Dozier Ann M, Martina Camille A, O'Dell Nicole L, Fogg Thomas T, Lurie Stephen J, Rubinstein Eric P, Pearson Thomas A
Public Health Sciences, University of Rochester, Rochester, NY, USA.
Eval Health Prof. 2014 Mar;37(1):19-32. doi: 10.1177/0163278713501693. Epub 2013 Sep 8.
Clinical and translational research is a multidisciplinary, collaborative team process. To evaluate this process, we developed a method to document emerging research networks and collaborations in our medical center to describe their productivity and viability over time. Using an e-mail survey, sent to 1,620 clinical and basic science full- and part-time faculty members, respondents identified their research collaborators. Initial analyses, using Pajek software, assessed the feasibility of using social network analysis (SNA) methods with these data. Nearly 400 respondents identified 1,594 collaborators across 28 medical center departments resulting in 309 networks with 5 or more collaborators.
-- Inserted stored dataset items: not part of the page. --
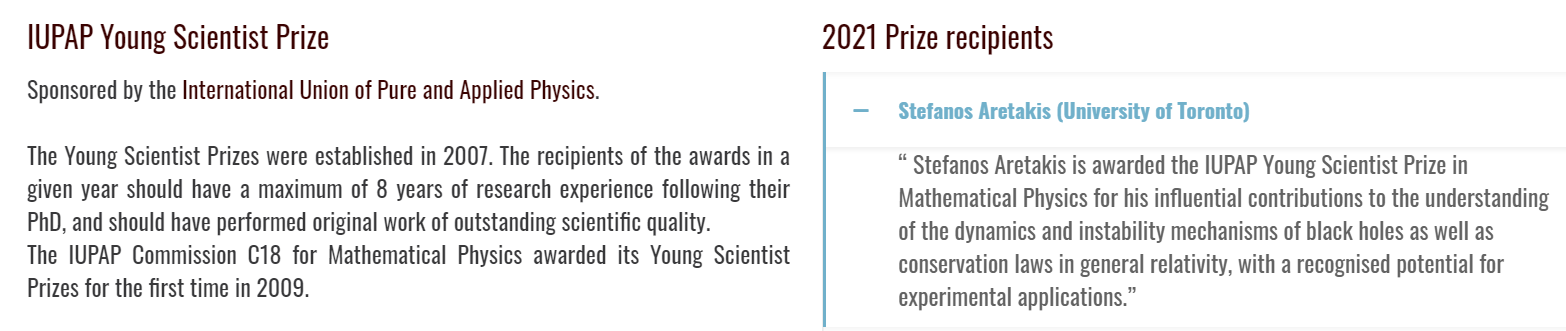 Ταυτόχρονα η IAMP βράβευσε τον Στέφανο Αρετάκη με το Βραβείο Νέου Επιστήμονα IUPAP(International Union of Pure and Applied Physics):
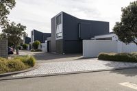 This is an image of a modern residential villa in Wellington, New Zealand. The villa features a sleek and contemporary design, with a grey sky in the background. The driveway, made of smooth asphalt, leads to the entry of the home. The architectural elements of the villa complement the suburban surroundings. This photo represents a typical day in Wellington, with clouds in the sky. The image showcases the blend of modern architecture and the natural beauty of New Zealand.
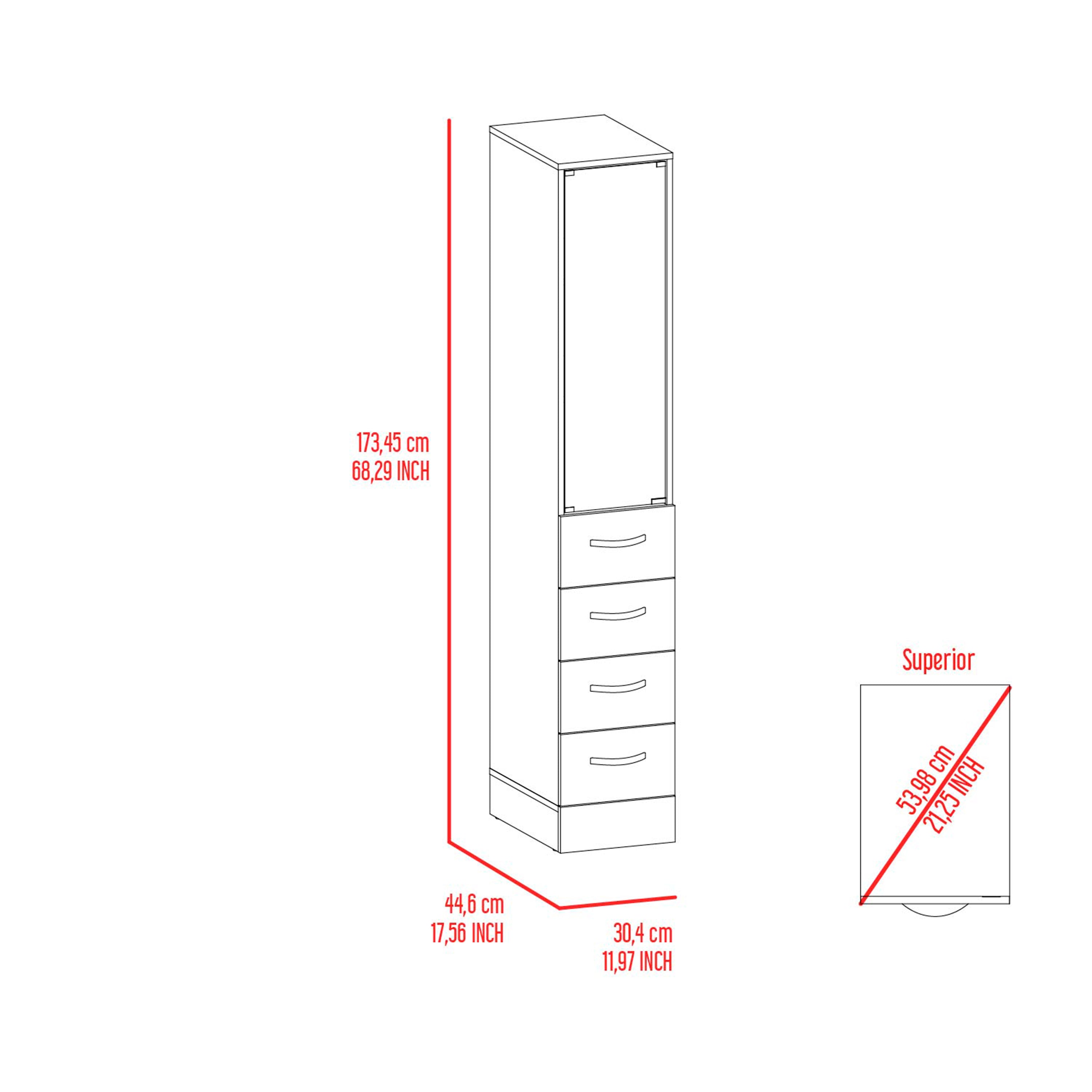 Keep your towels and toiletries more organized and out of sight with the Magna Linen Cabinet. This elegant cabinet fits perfectly in any corner and includes four drawers (4,72"H X 17,56"W) for keeping your essentials tidy. Three shelves (11,02"H) behind a glass door provide the perfect place to view your items.
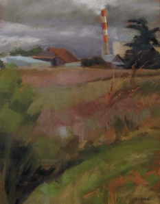This is my first plen aire painting with Vineyards and Vistas after the workshop. Loved the striped smokestack and the one of a kind enormous deodar cedar. I didn’t really have a plan beyond painting those and trying to incorporate my new arsenal of painting ideas. Looking at it now, I wish the smoke stack was more vertical. Mike Bergen Wonkiness creeps in. It is hanging at my first Corvallis show–at the Chamber of Commerce through July.
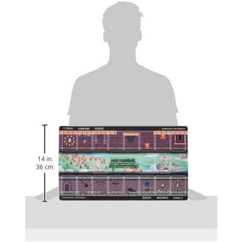 This gorgeous full-colour foam playmat is inspired by the overworlds and dungeons of classic video games and is optimised for two player games. it comes packed in a sturdy 15 inch plastic tube with hang-tabbed stopper for easy display.
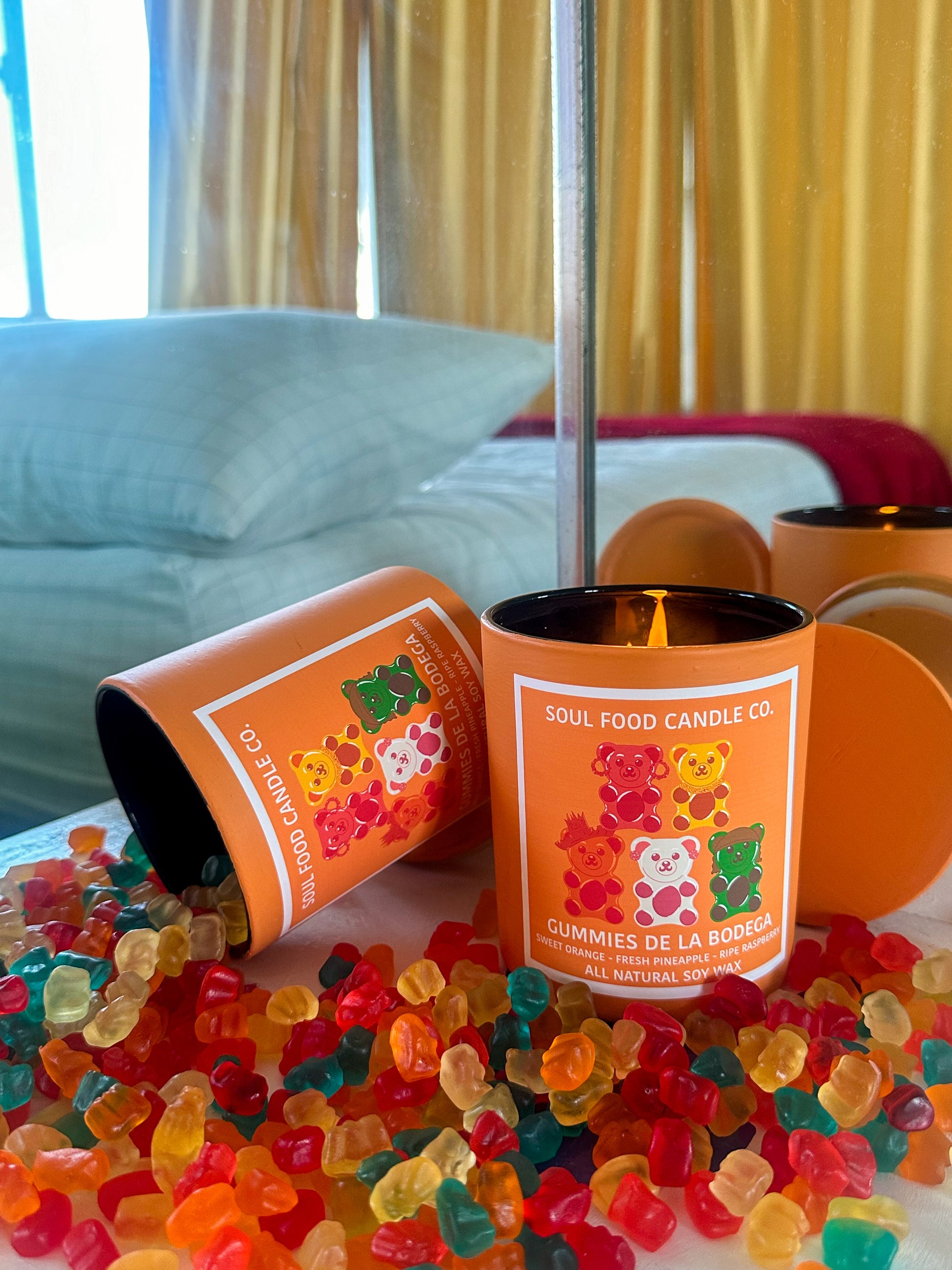 Gummies De La Bodega 🍬 is a sweet new addition to our "La Bodega De Soul" collection, capturing the playful and fruity essence of your favorite gummy treats from the local bodega. With top notes of zesty sweet orange, a burst of fresh pineapple at its heart, and the juicy finish of ripe raspberries, this candle brings back the joy of picking out candy on a neighborhood snack run. Light it up and let the fun, fruity aroma fill your space with delicious nostalgia.

This low-burden approach yielded a rich data set useful for evaluation using SNA to: (a) assess networks at several levels of the organization, including intrapersonal (individuals), interpersonal (social), organizational/institutional leadership (tenure and promotion), and physical/environmental (spatial proximity) and (b) link with other data to assess the evolution of these networks.
临床与转化研究是一个多学科的协作团队过程。为了评估这一过程,我们开发了一种方法,用于记录我们医学中心新出现的研究网络和合作,以描述它们随时间推移的生产力和可行性。通过向1620名临床和基础科学领域的全职和兼职教员发送电子邮件调查,受访者确定了他们的研究合作者。最初使用Pajek软件进行的分析评估了对这些数据使用社会网络分析(SNA)方法的可行性。近400名受访者在28个医学中心部门中确定了1594名合作者,形成了309个拥有5名或更多合作者的网络。这种低负担的方法产生了一个丰富的数据集,可用于使用SNA进行评估,以:(a)在组织的几个层面评估网络,包括个人层面(个体)、人际层面(社交)、组织/机构领导层面(任期和晋升)以及物理/环境层面(空间接近度);(b)与其他数据相联系,以评估这些网络的演变。